### EXERCISE INPUT

──────────────────────────────

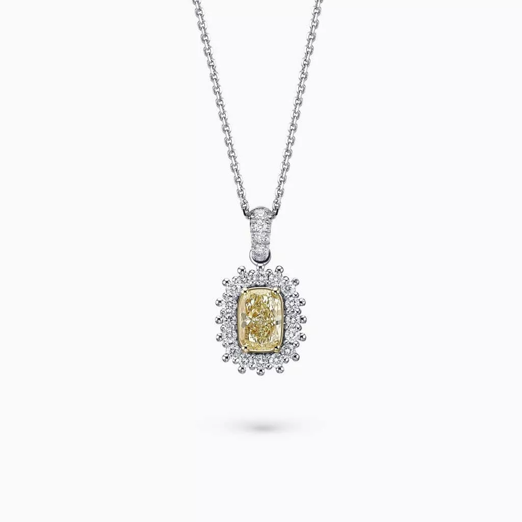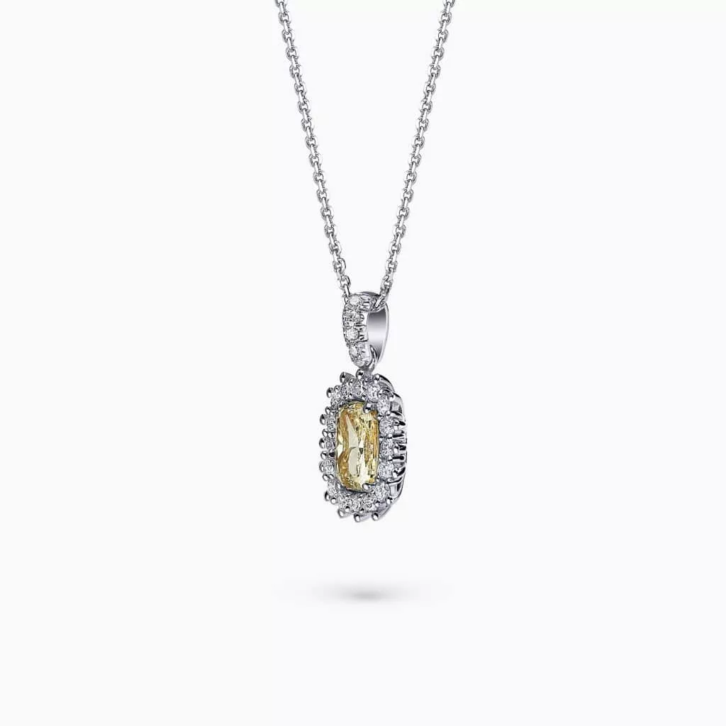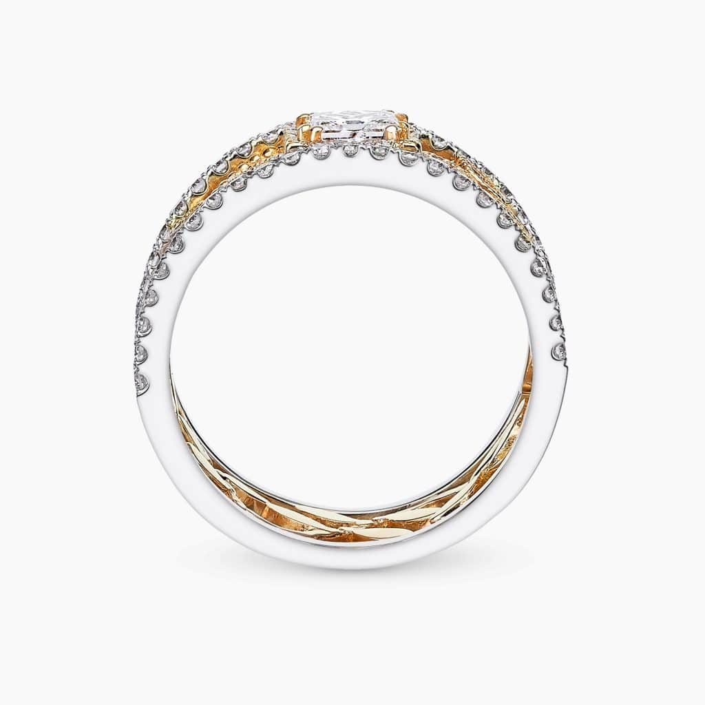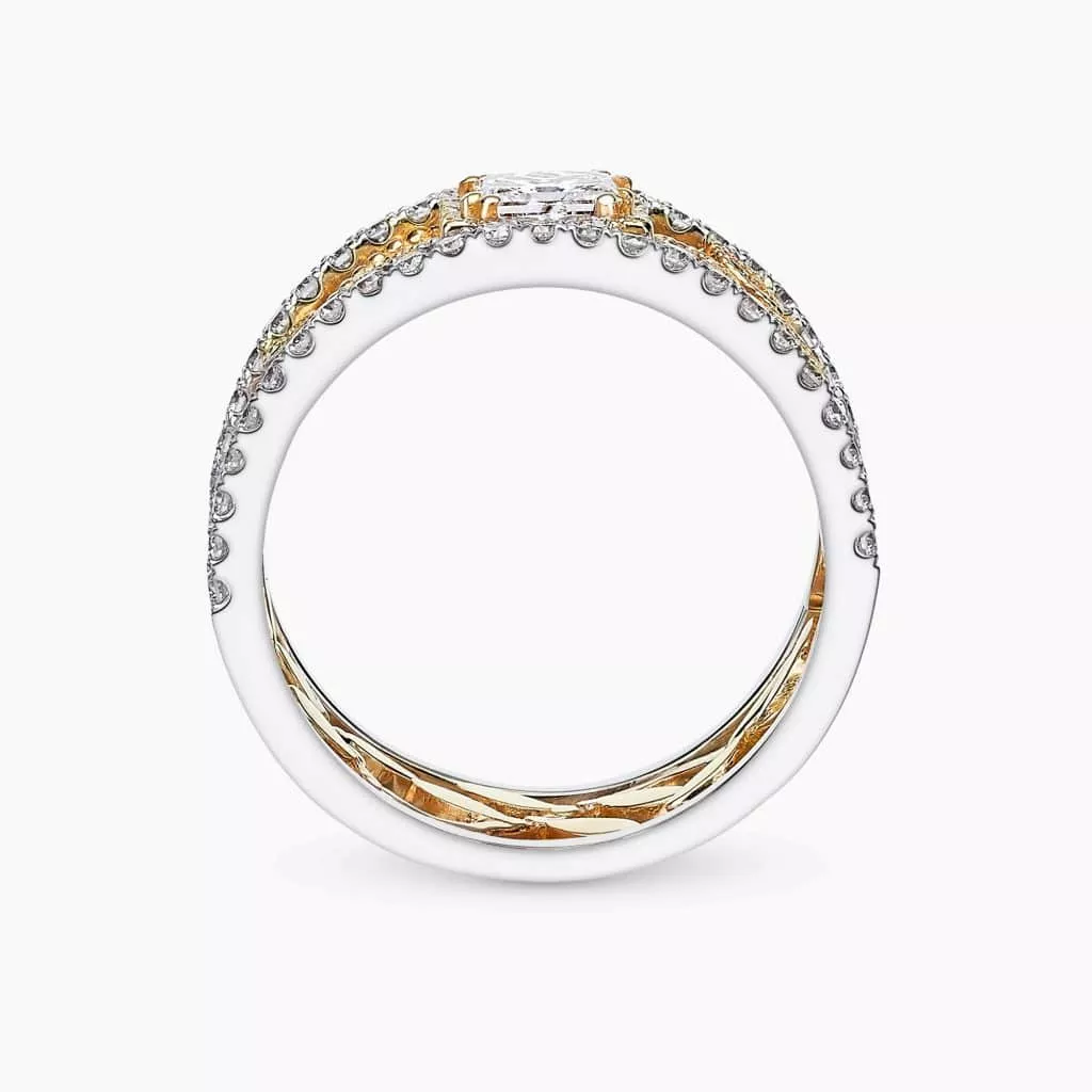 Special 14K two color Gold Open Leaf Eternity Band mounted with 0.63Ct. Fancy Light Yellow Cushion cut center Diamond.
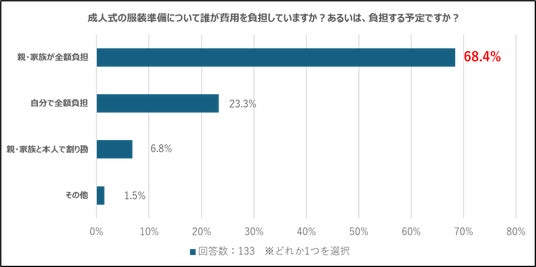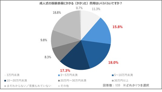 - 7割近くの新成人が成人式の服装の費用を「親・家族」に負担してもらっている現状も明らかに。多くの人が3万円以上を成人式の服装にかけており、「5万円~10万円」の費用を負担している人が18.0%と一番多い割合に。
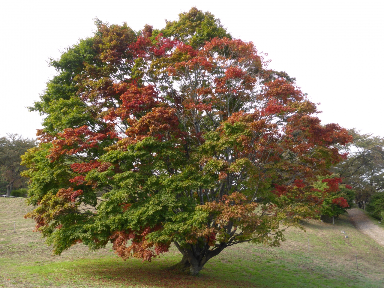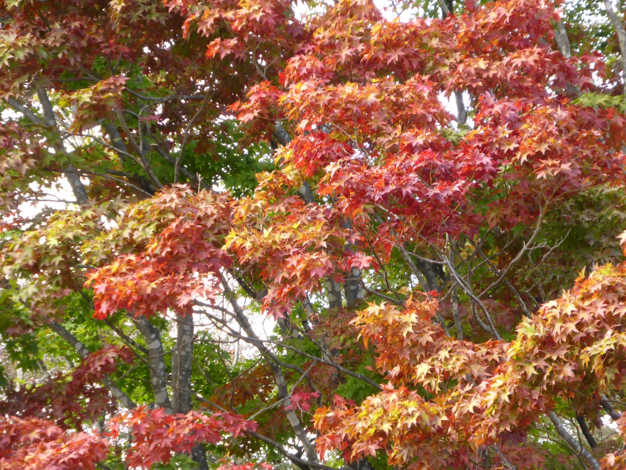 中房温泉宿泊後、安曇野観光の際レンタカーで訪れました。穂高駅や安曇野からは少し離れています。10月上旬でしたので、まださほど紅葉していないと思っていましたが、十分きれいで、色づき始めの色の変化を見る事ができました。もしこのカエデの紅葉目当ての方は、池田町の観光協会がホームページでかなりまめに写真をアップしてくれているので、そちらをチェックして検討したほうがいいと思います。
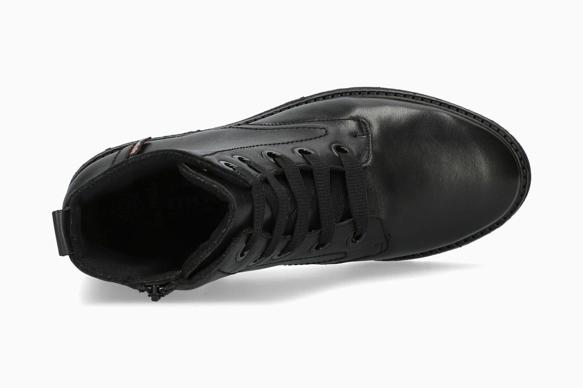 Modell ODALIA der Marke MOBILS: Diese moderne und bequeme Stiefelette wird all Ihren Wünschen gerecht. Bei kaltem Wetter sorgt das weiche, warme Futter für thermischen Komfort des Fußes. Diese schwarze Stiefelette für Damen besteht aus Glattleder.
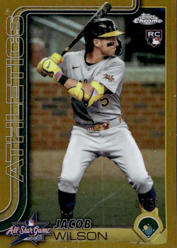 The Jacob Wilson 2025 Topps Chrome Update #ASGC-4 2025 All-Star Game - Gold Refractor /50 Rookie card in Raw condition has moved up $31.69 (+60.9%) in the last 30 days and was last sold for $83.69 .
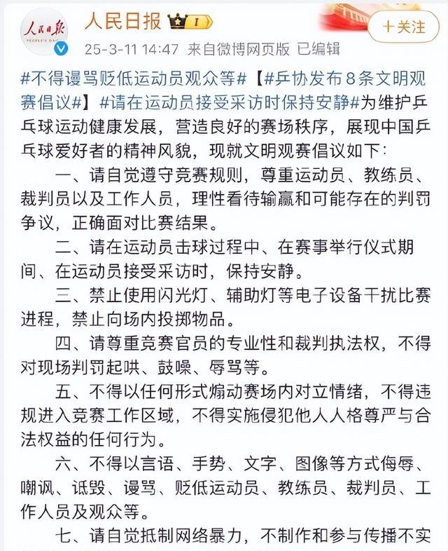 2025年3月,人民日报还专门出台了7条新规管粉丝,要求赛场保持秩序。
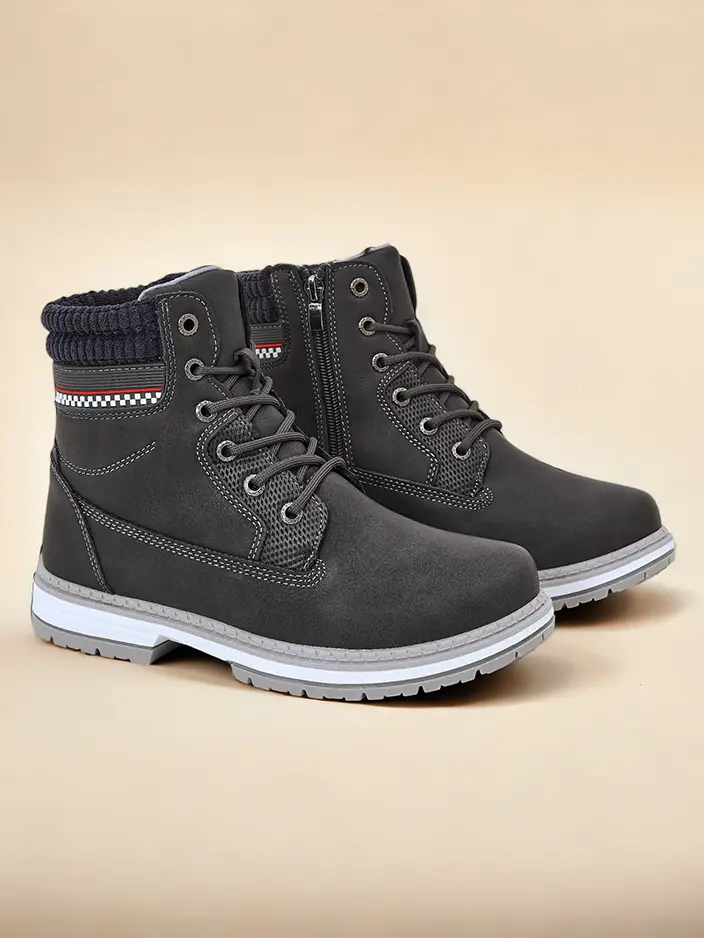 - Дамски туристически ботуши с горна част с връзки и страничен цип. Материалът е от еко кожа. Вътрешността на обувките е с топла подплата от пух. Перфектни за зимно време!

──────────────────────────────

### WHAT TO PRODUCE
Your answer should reproduce every line of the data verbatim and include no images.

### TASK SOLUTION
 Special 14K two color Gold Open Leaf Eternity Band mounted with 0.63Ct. Fancy Light Yellow Cushion cut center Diamond.
 - 7割近くの新成人が成人式の服装の費用を「親・家族」に負担してもらっている現状も明らかに。多くの人が3万円以上を成人式の服装にかけており、「5万円~10万円」の費用を負担している人が18.0%と一番多い割合に。
 中房温泉宿泊後、安曇野観光の際レンタカーで訪れました。穂高駅や安曇野からは少し離れています。10月上旬でしたので、まださほど紅葉していないと思っていましたが、十分きれいで、色づき始めの色の変化を見る事ができました。もしこのカエデの紅葉目当ての方は、池田町の観光協会がホームページでかなりまめに写真をアップしてくれているので、そちらをチェックして検討したほうがいいと思います。
 Modell ODALIA der Marke MOBILS: Diese moderne und bequeme Stiefelette wird all Ihren Wünschen gerecht. Bei kaltem Wetter sorgt das weiche, warme Futter für thermischen Komfort des Fußes. Diese schwarze Stiefelette für Damen besteht aus Glattleder.
 The Jacob Wilson 2025 Topps Chrome Update #ASGC-4 2025 All-Star Game - Gold Refractor /50 Rookie card in Raw condition has moved up $31.69 (+60.9%) in the last 30 days and was last sold for $83.69 .
 2025年3月,人民日报还专门出台了7条新规管粉丝,要求赛场保持秩序。
 - Дамски туристически ботуши с горна част с връзки и страничен цип. Материалът е от еко кожа. Вътрешността на обувките е с топла подплата от пух. Перфектни за зимно време!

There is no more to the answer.